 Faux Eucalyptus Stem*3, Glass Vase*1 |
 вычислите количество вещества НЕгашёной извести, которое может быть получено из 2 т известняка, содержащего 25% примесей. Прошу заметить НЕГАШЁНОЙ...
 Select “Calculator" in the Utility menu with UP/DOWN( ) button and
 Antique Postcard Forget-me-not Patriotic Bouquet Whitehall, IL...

* Required action
Output every line above so that it reads exactly as before.

* Task solution
 Faux Eucalyptus Stem*3, Glass Vase*1 |
 вычислите количество вещества НЕгашёной извести, которое может быть получено из 2 т известняка, содержащего 25% примесей. Прошу заметить НЕГАШЁНОЙ...
 Select “Calculator" in the Utility menu with UP/DOWN( ) button and
 Antique Postcard Forget-me-not Patriotic Bouquet Whitehall, IL...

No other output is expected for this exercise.